In biological membranes, the lipid bilayer behaves like a flexible thin molecular sheet with fluid-like in-plane properties. The lipid molecules forming the bilayer diffuse freely in the plane of the bilayer with a mobility often characterized by the molecular diffusion constant, D. The biological membrane has a complicated composition, including many different saturated, unsaturated, and cholesterol lipids plus a large number of protein structures and other membrane associated molecules. Each component in the membrane has an effect on the fluidity and packing structure. For example, the addition of cholesterol into 1,2-dipalmitoyl-sn-glycero-3-phosphocholine (DPPC) membrane decreases membrane fluidity while it increases in DOPC membranes (Mills et al., ; Gracia et al., ). In addition, membranes composed of mixtures of different lipid components may create in-plane phase separation and domains (or “rafts”) with differing elastic properties, for example, in DOPC/DPPC mixtures (Mills et al., ; Schmidt et al., ). However, in the experiment presented here, we used only one membrane composition with well-known elasticity to simplify our analysis of the multi-component system.

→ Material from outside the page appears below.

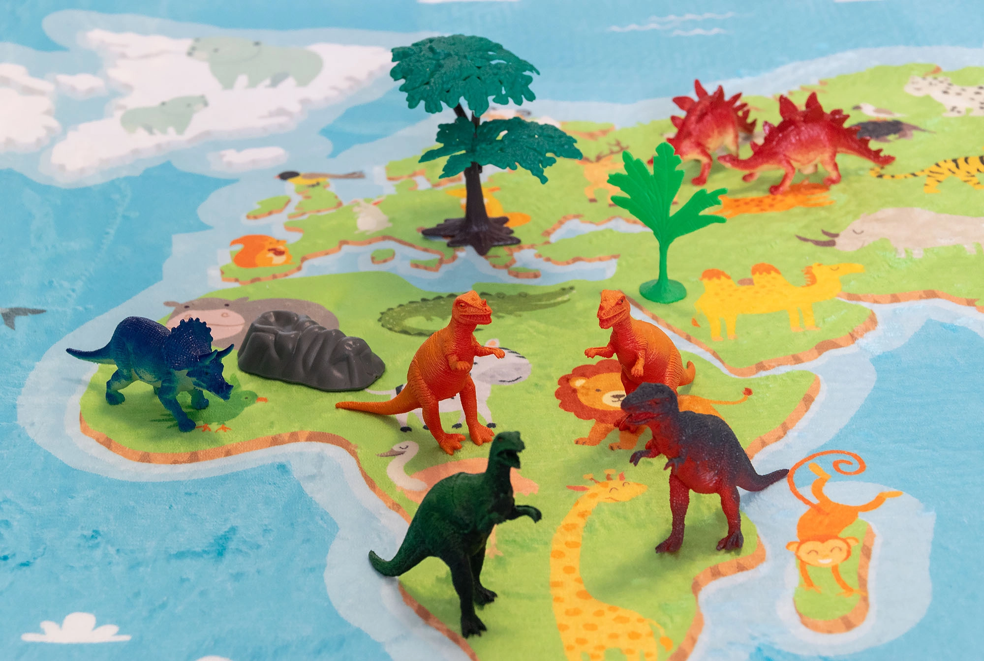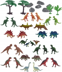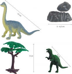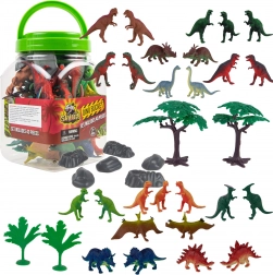 Różnorodny wybór dinozaurów, drzew i kamieni pozwala dzieciom tworzyć własne prehistoryczne sceny oraz rozwijać wyobraźnię i wytrwałość w zabawie.

It is widely known that lipid tubules can be extracted from flat bilayers (or vesicles) given enough applied force. Membrane tubules can be extracted from membranes on application of a force with methods, such as micropipette aspiration (Mannerville et al., ; Cuvelier et al., ), optical tweezers (Cuvelier et al., ; Inaba et al., ; Koster et al., ), molecular motor pulling (Koster et al., ; Leduc et al., ; Shaklee et al., ), and assisted shear flow (Brazhnik et al., ; Sekine et al., ). Each of these techniques investigates the mechanical forces necessary to deform the lipid membrane into tubules from giant unilamellar vesicles (GUVs) or lamellar structures. Techniques such as force spectroscopy in atomic force microscopy (Scheffer et al., ; Picas et al., ) and the Langmuir–Blodgett trough (Nichols-Smith et al., ) had also been used to quantify the elastic parameters of various membranes without tubulation.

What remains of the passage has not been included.